Tam Nguyen Photography

New York Beauty and Fashion Photographer

DSLR Mirror Vibration Shown Using a Laser Pointer

Posted on May 2, 2011 in Photography, Tips

DSLR Mirror Vibration Shown Using a Laser Pointer

How much does a camera vibrate due to your finger pressing the shutter or the mirror flipping? Camera Technica decided to conduct a test by strapping a laser pointer to the hot shoe of a Canon 7D. They then filmed the red dot on a far wall against some text while shooting normally (i.e. pressing the shutter with a finger), using a remote shutter release, and finally with a remote shutter as well as mirror-lockup.

You might be surprised at how much movement the camera experiences even if the shutter is pressed carefully.
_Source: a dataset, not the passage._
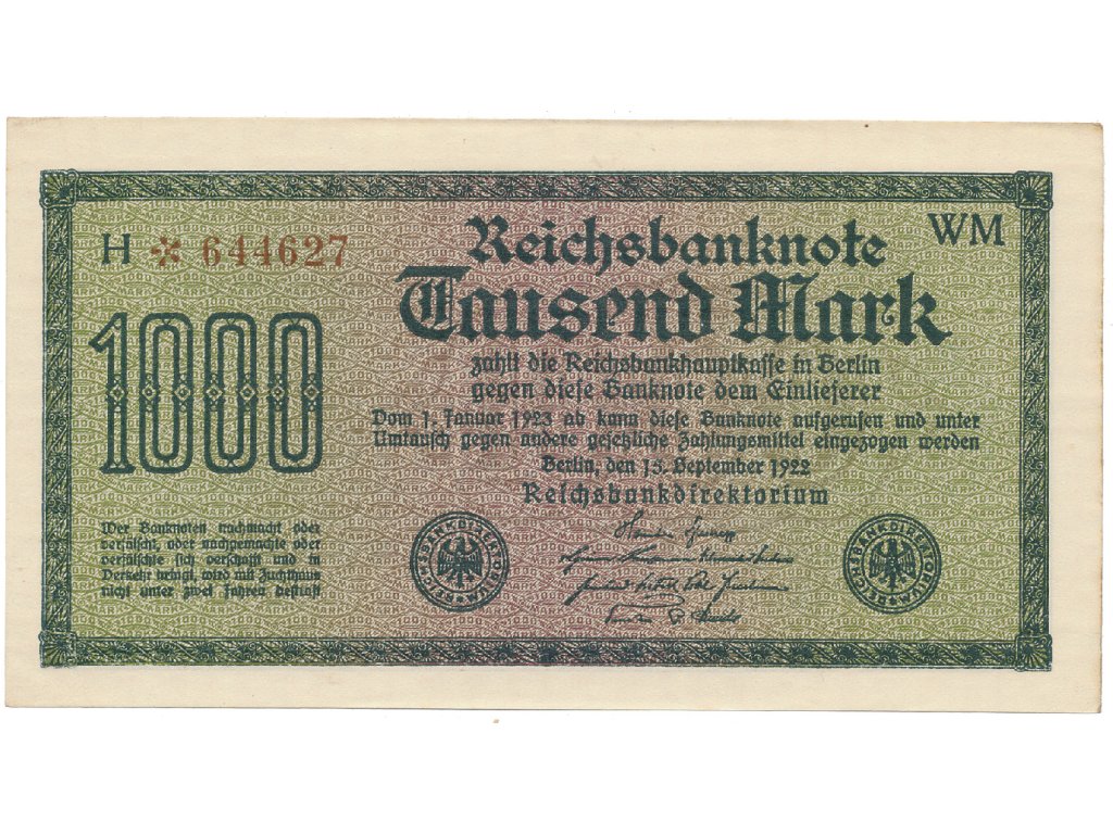 Německo, 1000 Mark 1922, vod. Mäander, hnědé 6-místné číslo, Ro.75i

Lesson learned: for the sharpest possible photos, use a tripod, a remote shutter release, and the mirror-lockup feature on your camera.


  1. Manually pressing the shutter button is by far the most significant cause of vibration during image capture.
  2. In order for mirror lock-up to be worthwhile, the camera must be on a tripod with remote shutter attached.
  3. Mirror vibration can be significant in some circumstances.  For slow shutter speeds, significant degradations in image quality were noted.
  4. For fast shutter speeds, mirror vibrations seem to have negligible impact.
  5. For some newer cameras, live-view mode may be a better alternative to mirror lock-up.  By definition, the mirror will already be locked up to enable a live view of the light hitting the sensor.